Though slavery was officially abolished in Brazil in 1888, racial prejudice remained — and continues today.

“Abolition was not seen as a process but as a kind of gift or present from white people,” explained Schwarcz. “Furthermore, at the same time as abolition occurred, racial theories such as social Darwinism and phrenology became popular. This created a perception of a ‘natural hierarchy’ that linked color and social status.”

Schwarcz said that the meaning of race and color is “always the subject of negotiation and change,” but it still organizes inequality and creates patterns of racial discrimination in Brazil. As she found in the soccer game, however, color is rarely fixed.

“Color is a flexible concept linked to social status and circumstance,” she said. Schwarcz cited a 1974 study by the National Program of Statistics in Houses (PNAD) in which respondents were asked to identify their color. More than 136 different colors were recorded, including “cinnamon,” “sea blue,” “honey-colored white,” “purplish,” and “chestnut.”

“People consider skin color as varied as the color of the rainbow,” Schwarcz said. She also noted that respondents would answer differently depending on the circumstance, such as the skin tone of the person asking or the presence of children in the home.

“It’s a concept of contrast,” Schwarcz explained. “No one is exactly white … you are only white by comparison.”

Schwarcz’s own research has confirmed the flexibility of color found in the PNAD study.
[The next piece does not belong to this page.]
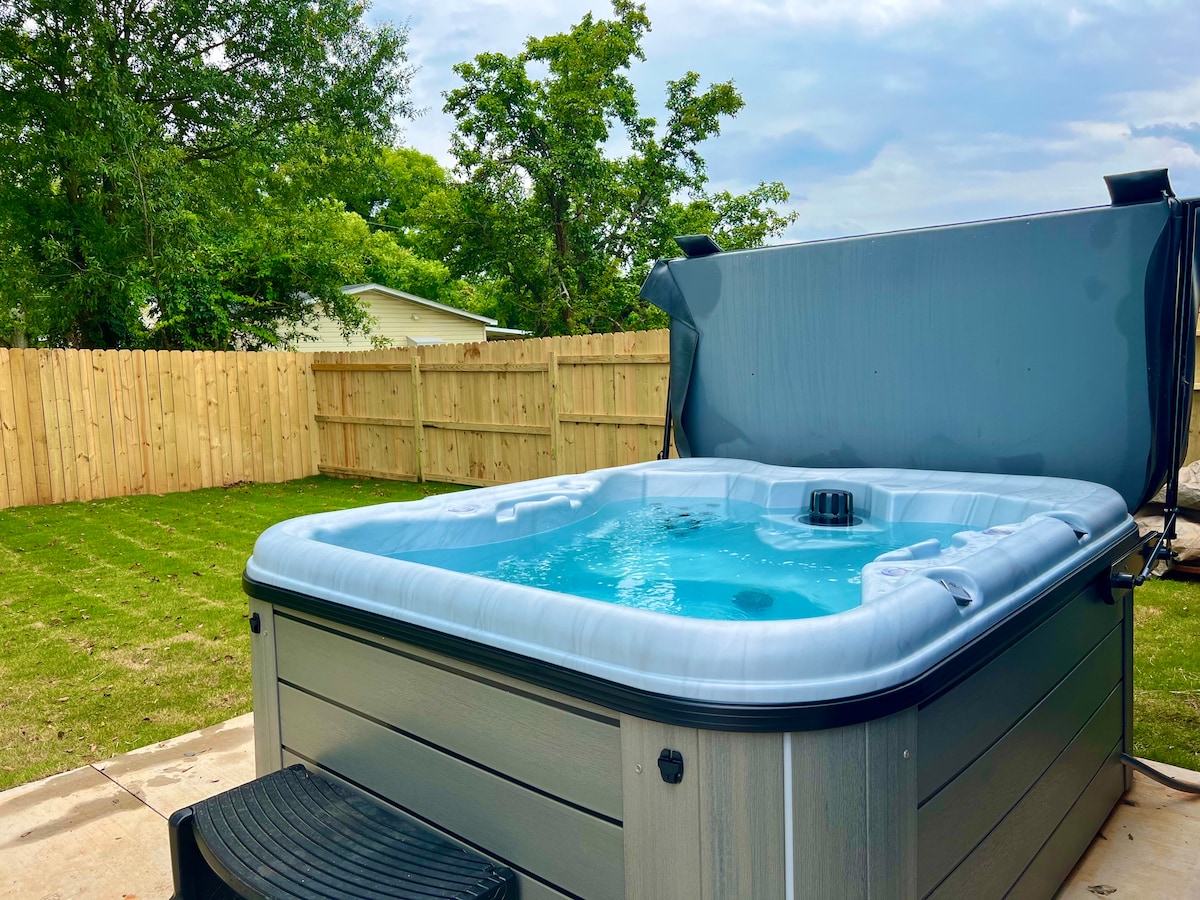 JACUZZI y oasis en el patio trasero en una casa remodelada y acogedora

In December of 2003 she and colleagues visited Heliópolis with a video camera and filmed residents as they responded to the question, “What color are you?”

“The responses varied according to who asked the question,” said Schwarcz. When Schwarcz, who is fair-skinned, did the interviews, respondents would say they had darker skin tones. When her colleague with darker skin posed the same question, people would generally respond with lighter colors.

“Self-description is very subjective,” she said.

Schwarcz and her colleagues also showed the respondents how they looked on TV and gave them the opportunity to change the image contrast.

“People wanted to be lighter, or redder, or even bluish,” Schwarcz said. “Everyone had the desire to play with or manipulate their color.”

According to Schwarcz, the atmosphere in Brazil has been changing recently as more and more people embrace discussions about racism and prejudice. Debates about affirmative action at universities, for example, have encouraged Brazilians to consider topics that were formerly ignored or brushed aside.

Tensions linger, however. In a recent Pretos vs. Brancos match, for example, the Pretos emerged victorious — an unexpected win that, according to Schwarcz, thwarted tradition.

“It is a ritual that the Blacks cannot win,” Schwarcz noted, “so it was quite a tense situation.”

As the tension mounted, Schwarcz asked a player, “but how can you even say who is black and who is white?”

“Just ask the police,” came the response.